Launched in 1977, the NASA Voyager spacecraft recently entered a mysterious zone located between our solar system and the great frontier of space beyond. Physicists are puzzled since their theories didn’t predict anything like it.
As Voyager-1 whizzes through this unchartered frontier, a place
so distant that charged particles from the sun have virtually
disappeared, astronomers are struggling to make sense of the
steady stream of data being returned to Earth.
Astronomers initially believed Voyager-1, which is about 11 billion miles from earth, had reached interstellar space on August 25, 2012, becoming the first man-made vehicle to breach the threshold of our solar system. But feedback from the spacecraft, which showed that the sun’s magnetic field was still exerting its influence on the probe, quickly cooled that theory.
As it turns out, the craft is still in the sun’s house, so to speak, standing on the porch with the endless galaxy beyond.
If Voyager-1 had really entered interstellar space, physicists say, the direction of the magnetic field would be different.
"If you looked at the cosmic ray and energetic particle data in isolation, you might think Voyager had reached interstellar space,” said Ed Stone, Voyager project scientist at the California Institute of Technology in Pasadena, “but the team feels Voyager-1 has not yet gotten there because we are still within the domain of the sun's magnetic field."

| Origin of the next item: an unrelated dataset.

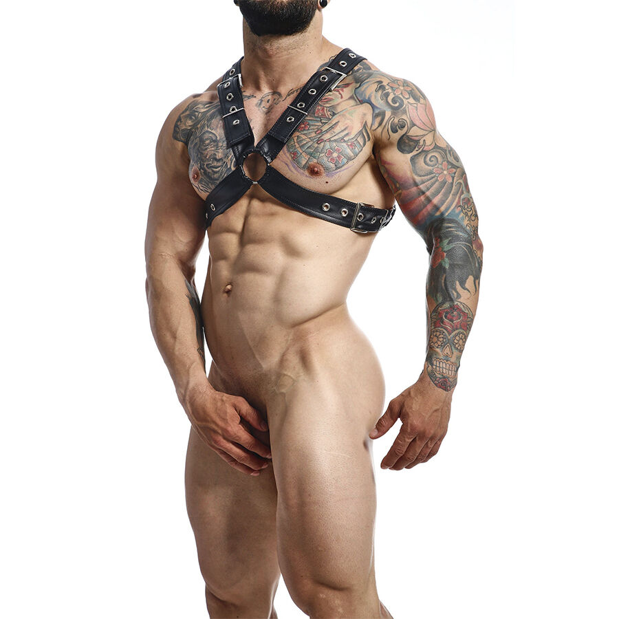 Indulge in the seductive allure of the Dngeon Classic Cross Harness, an impeccable fusion of style and substance. Meticulously crafted in plush faux leather, this harness stands out as an epitome of masculine elegance. Each stitch, a narrative of dedication, handcrafted by the resilient women of Colombia, who anchor their families with strength and pride. This piece not only promises to accentuate the wearer's physique but also resonates with a deep sense of ethical responsibility. Canadian design expertise gives it a cutting-edge finish, ensuring you make a bold statement each time you don it. What sets it further apart is its sustainable production, woven together with renewable energy sources, making it as kind to the environment as it is tantalizing to the eye. Whether it's for an intimate evening or a daring night out, the CLASSIC CROSS HARNESS promises an unforgettable impression.

Stone first explained the discovery of this unexpected zone during a lecture at the American Geophysical Union last year. A collection of papers published on Thursday in the journal Science put the findings into perspective.
In 2004, Voyager-1 reached a highly charged region known as the
heliosphere, a bubble-shaped region surrounding the solar system
where particles move in all directions due to solar winds. It was
anticipated this would be the final leg of the trip before the
spacecraft broke free of our solar system and entered
"You can never exclude a really peculiar coincidence, but this was very strong evidence that we're still in the heliosphere,” Voyager scientist Leonard Burlaga, the lead author of one of the papers, based at NASA's Goddard Space Flight Center, told Reuters.
Measuring the size of the heliosphere is also part of the Voyager mission.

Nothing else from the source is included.